I'm gearing up to become a c ... c ... camper again.
Sorry, I had a little trouble getting that out.
I loved camping as a kid when friends and I would head into the Everglades looking for a spot dry enough to build a lean-to and a fire and wash canned beans down with a forbidden (and, thereby all the sweeter) beer.
Sleeping in the outdoors, even with mosquitoes covering every exposed inch of skin, and scrounging for dry firewood to build a blaze big enough to keep away the imagined horrors that accompanied the sound of a grunting gator (which was probably a croaking bullfrog) was fun ... I think.
But five years in the Marine Corps and a tour in Vietnam took all of the fun out of it for me.
I'm not going to bore you with war stories, but sleeping outdoors a lot, in situations where the scary things didn't grunt but made much louder and scarier noises, brought me to the point of declaring I would be happy if I were never outside again.
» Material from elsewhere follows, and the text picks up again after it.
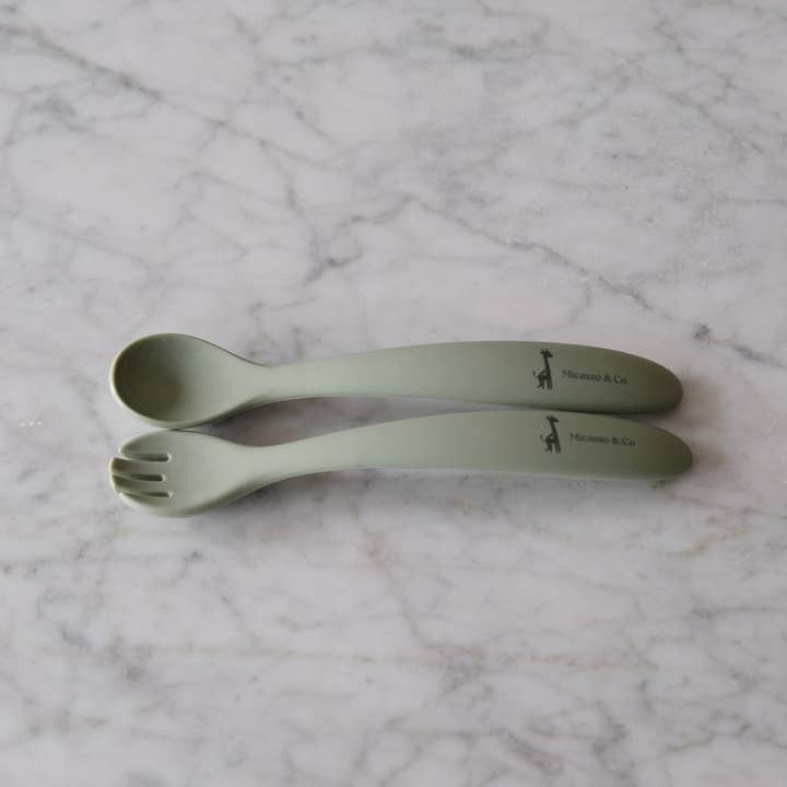 Micasso & Co's silicone utensils are made of platinum-grade silicone. The duo, consisting of a spoon and a fork, perfectly complements the dinnerware set and is offered in the same shades to match your little ones' growth. It can be washed with soapy water, but is also dishwasher safe and heat resistant, so it can be used in the microwave without any problem.

I promised myself that I would never again sleep more than 50 feet away from foam rubber, air conditioning, a flush toilet and an ice machine.
And, with very few exceptions, I have kept that promise.
A photographer and I camped on the grounds of a fire-gutted semimansion one night looking for a ghost said to haunt the hill it was on, and I actually pitched a tent and slept in it during a canoe trip down the Withlacoochee River in the 1980s. Since then the closest I came to roughing it was sleeping in my van at a folk concert.
But I want to travel in my retirement - a lot - and hotels and motels, even inexpensive ones, are too costly.
I can save money by pitching a tent, heating a can of chili and sleeping on the ground.
Okay, sleeping on an air mattress on one of those little folding steel beds sitting on a tent floor underneath which will be the ground.
And I have my eye on nice campgrounds with showers and bathrooms and electric lights and fences and things like that. I don't want the great outdoors so much as I want to come as close as possible to the great indoors without paying the price.
I will say that camping has changed in the nearly 40 years since I considered it fun.
There are fire-starter sticks and glow-in-the-dark thingies and GPS locators (for those who need more than a KOA directory to find out where they are).
There are portable propane stoves and lanterns, battery operated air pumps for blowing up air mattresses, and a whole Wal-Mart section full of gadgets and goodies that in the end will probably cost me twice what I am saving in hotel expenses.
Whether the camping is going to be any fun or not, the shopping has been. I have, piece by piece, acquired everything I need except for the bed and stove and, I am proud to say, haven't bought anything camouflaged. I lose stuff often enough without having it designed to blend into the environment - and wherever I am I may well be lost, so I want to be wearing something colorful and easy to see.
I'm even going through a training phase. I'll be arriving at the Will McLean folk festival in March a few days early so I can sort out the intricacies of tent erection, stove connection and breeze convection ... wow ... maybe it will distract me so that I will stop sounding like Jesse Jackson.
Then there will be a few short trips before I head for Colorado.
I'll let you know how things work out, although if you see a classified ad for barely used camping equipment, you might get an idea.